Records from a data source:
◇ ◇ ◇ ◇
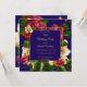 Convites Festa de aniversário azul-Rosa floral-Dourada
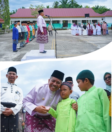 Selesai memimpin Apel pagi Bupati Siak Alfedri membagikan KIA, KTP, serta KK kepada beberapa anak, selain itu juga menyerahkan bibit kepada warga Kampung Tanjung Kuras.
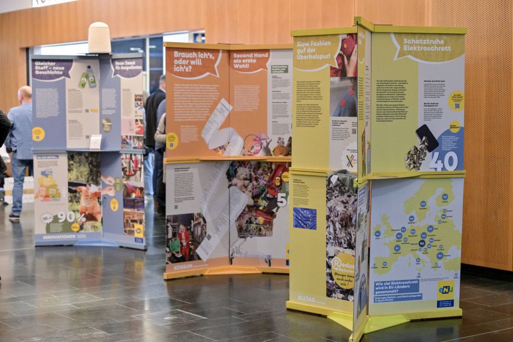 Die Ausstellung selbst ist ein konkretes Beispiel für gelebte Kreislaufwirtschaft: Aus upgecycelten und nachwachsenden Materialien gestaltet, wird das Thema anschaulich vermittelt und direkt erfahrbar gemacht.
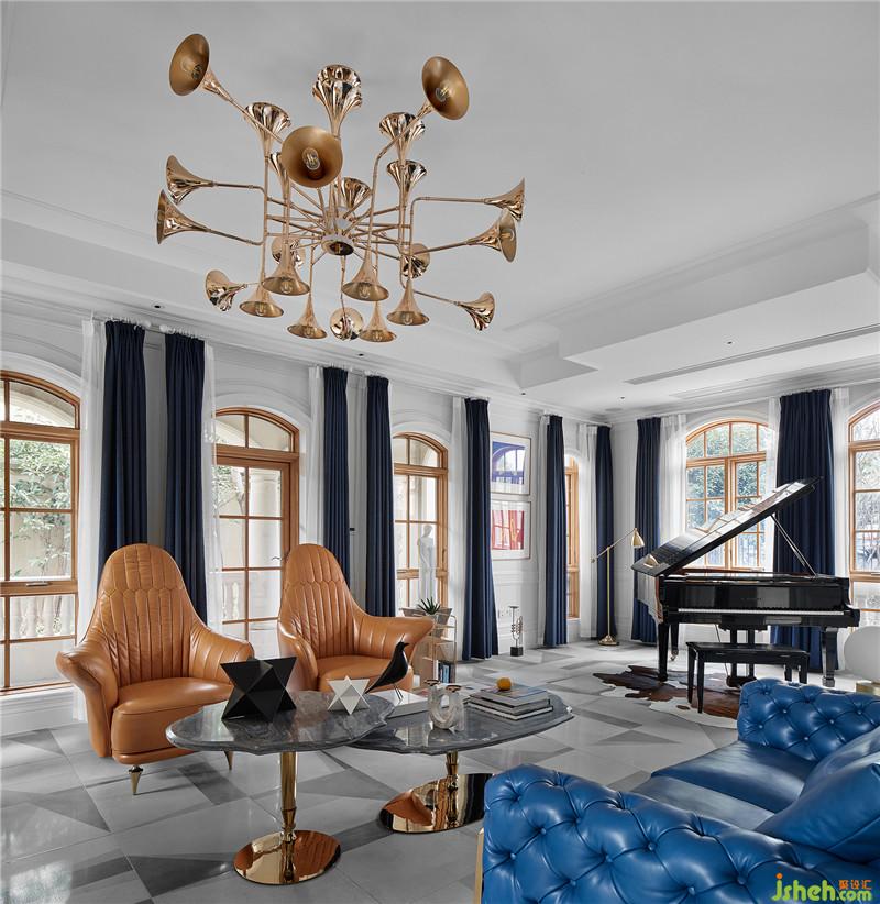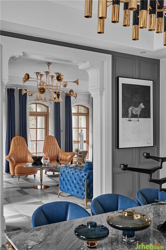 设计者认为良善的设计以人性关怀为基础,潜移默化地改变着我们日常生活与生活方式,追寻超然意趣,畅快淋漓地,愉悦我们的感官,也愉悦我们的心情,通过审美的超越性救渡纠缠于世俗利害关系中的心灵,提升我们的品味。很多时候,需要引导的是一种生活方式和态度,而不是局限于某种风格…本案设计正是恰到好处的将这一理念体现的淋漓尽致。别墅坐落在素有东方威尼斯之称的江南古城绍兴,建筑一共四层(包括阁楼)客厅、餐厅、厨房等公共活动区设于一层,会客区娱乐区工作区在地下层,二层设三间卧室,三层即为主卧套房衣帽间,附带中导台。700平方米的居住空间功能设置齐备,为了呈现更为年轻化的配置,使其生活方式和形态也都更趋向于现代感,空间感受上格外注重通透、自然、舒适、方便。为此,一层将客餐厅、西厨房打通,融为一体,只是通过对称的门洞作为空间分割的界定。地下室活动空间,定位为轻工业风格,开放式书房与会客区吧台健身区融为一体,形成一个更欢乐的娱乐空间,而相对独立又有关联的影音室增加了一定的私密性和保证享受影音过程的品质。
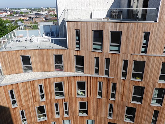 Poolen heeft ervoor gekozen om de zachtere ‘binnenwereld’ te voorzien van een daktuin als verbindend element tussen de twee gebouwdelen, en natuurlijke materialen, zoals hout. De robuustere ‘buitenwereld’ is opgetrokken uit metselwerk. Robuust maar aanraakbaar. Deze tactiliteit wordt mede veroorzaak door de speciaal voor dit project ontworpen lichte gevelsteen, die prima aansluit op de wit gestuukte loggia’s.
◇ ◇ ◇ ◇
[EXERCISE BRIEF] Every record should come back exactly as it is, though none of the pictures should.

[REPLY TO THE EXERCISE]
 Convites Festa de aniversário azul-Rosa floral-Dourada
 Selesai memimpin Apel pagi Bupati Siak Alfedri membagikan KIA, KTP, serta KK kepada beberapa anak, selain itu juga menyerahkan bibit kepada warga Kampung Tanjung Kuras.
 Die Ausstellung selbst ist ein konkretes Beispiel für gelebte Kreislaufwirtschaft: Aus upgecycelten und nachwachsenden Materialien gestaltet, wird das Thema anschaulich vermittelt und direkt erfahrbar gemacht.
 设计者认为良善的设计以人性关怀为基础,潜移默化地改变着我们日常生活与生活方式,追寻超然意趣,畅快淋漓地,愉悦我们的感官,也愉悦我们的心情,通过审美的超越性救渡纠缠于世俗利害关系中的心灵,提升我们的品味。很多时候,需要引导的是一种生活方式和态度,而不是局限于某种风格…本案设计正是恰到好处的将这一理念体现的淋漓尽致。别墅坐落在素有东方威尼斯之称的江南古城绍兴,建筑一共四层(包括阁楼)客厅、餐厅、厨房等公共活动区设于一层,会客区娱乐区工作区在地下层,二层设三间卧室,三层即为主卧套房衣帽间,附带中导台。700平方米的居住空间功能设置齐备,为了呈现更为年轻化的配置,使其生活方式和形态也都更趋向于现代感,空间感受上格外注重通透、自然、舒适、方便。为此,一层将客餐厅、西厨房打通,融为一体,只是通过对称的门洞作为空间分割的界定。地下室活动空间,定位为轻工业风格,开放式书房与会客区吧台健身区融为一体,形成一个更欢乐的娱乐空间,而相对独立又有关联的影音室增加了一定的私密性和保证享受影音过程的品质。
 Poolen heeft ervoor gekozen om de zachtere ‘binnenwereld’ te voorzien van een daktuin als verbindend element tussen de twee gebouwdelen, en natuurlijke materialen, zoals hout. De robuustere ‘buitenwereld’ is opgetrokken uit metselwerk. Robuust maar aanraakbaar. Deze tactiliteit wordt mede veroorzaak door de speciaal voor dit project ontworpen lichte gevelsteen, die prima aansluit op de wit gestuukte loggia’s.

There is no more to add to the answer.